I
Il y a une quinzaine d’années, au cours d’un long voyage en Italie, je dus m’arrêter pendant quelques mois à Florence, pour des recherches historiques, et je profitai des nombreux loisirs qui m’étaient laissés pour visiter à fond la ville, m’imprégner d’elle tout entier, et vivre un peu de sa vie.
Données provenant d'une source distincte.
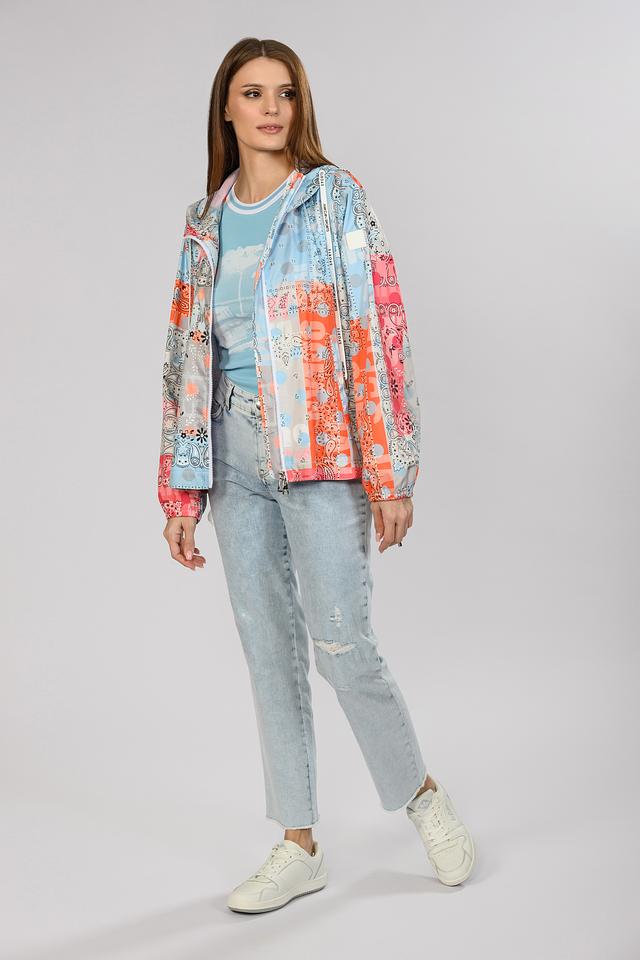 Женская куртка Marc Cain светло-голубого цвета с ярким принтом пейсли станет стильным дополнением к вашему гардеробу. Модель на молнии с капюшоном и удобной посадкой. Состав: полиэстер 100%
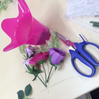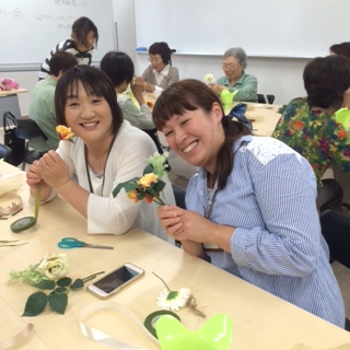 17名の皆様に参加いただき、造花を使っての作品つくり❀
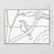 Robin sitting on branch of tree. Horizon and cloud in background. Bush in lower right corner. Colour in your own style, using ink, paint, crayons, or ??

Ce fut pour moi une suite de jours délicieux : les plus pures joies d’art que j’aie goûtées peut-être, au cours de mes multiples vagabondages.
Aussitôt installé, je divisai mon temps en deux parties : l’une – fort courte – consacrée au travail ; l’autre – la plus longue possible – employée à errer a travers la ville.
Et ma vie s’organisa.
Florence !
Ce nom n’évoque que des visions douces.
Ce sont les clairs soirs de mélancolie apaisante ; les eaux tranquilles de l’Arno rose, les tours de marbre sur le ciel d’or, les piazzas toutes pleines de soleil ; la lourde silhouette du dôme sombre, près de celle, fine et blanche, du Campanile ; la colline bleue de San Miniato ; puis la foule colorée et chantante, les lazaroni nonchalants allongés sur les marches de la Loggia de Lanzi ; les fleurs, la musique, les souvenirs, la poésie des vieilles pierres, toute la grâce intime et grave de cette cité mystérieuse, patrie de Dante, de Michel-Ange et du Fra Angelico.
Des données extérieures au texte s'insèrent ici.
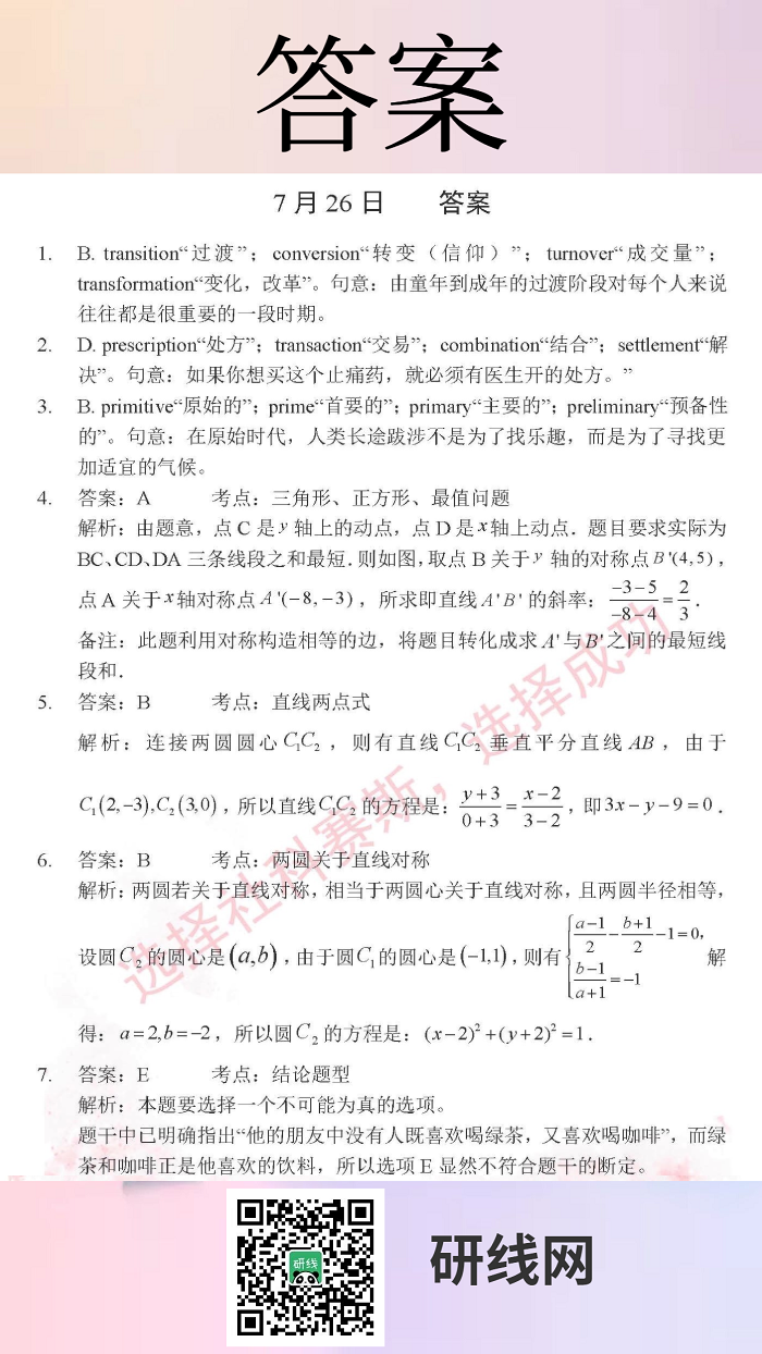 7月26日:2020考研管理類聯考每日一練以及答案

À la parcourir en flâneries perpétuelles, j’eus bientôt fait de la fort bien connaître.
Et j’eus bientôt fait aussi d’y être connu.
Car le bruit s’était répandu que j’y venais pour faire de grandioses achats d’œuvres d’art – ce qui était vrai à moitié – et ce fut alors chez moi, au bout de peu de temps, un véritable défilé.
Tous les marchands antiquaires de Florence crurent devoir venir me faire leurs offres de services. Et les particuliers suivirent !
Il ne fut plus un Florentin ayant chez lui quelque peinture ou quelque statuette, méchante copie des Offices, qui ne vînt à mon « palazzo » briguer l’honneur de voir cette merveille s’en aller dans les musées de la France.
Les faux Luca della Robbia et les Léonard de Vinci apocryphes s’alignèrent dorénavant sur les banquettes de mon antichambre, soutenus précieusement par des mains inquiètes.
Je me résignai, – car j’ai l’habitude.
Aussi bien, il n’y a pas de vraies recherches possibles sans cela.
Je désignai seulement certaines heures de « réception, » en dehors desquelles, était-on prévenu, il n’y avait aucun espoir de me trouver.
Et tout sembla devoir marcher sans incident.
*
Cet état de choses durait depuis quelques semaines déjà lorsqu’un après-midi, pendant que je travaillais dans mon cabinet, le cameriere vint me prévenir qu’un visiteur « du même genre que les autres » me faisait supplier de le recevoir tout de suite ; il n’avait absolument pu venir le matin ; le jour suivant, je ne recevais pas ; il y avait urgence.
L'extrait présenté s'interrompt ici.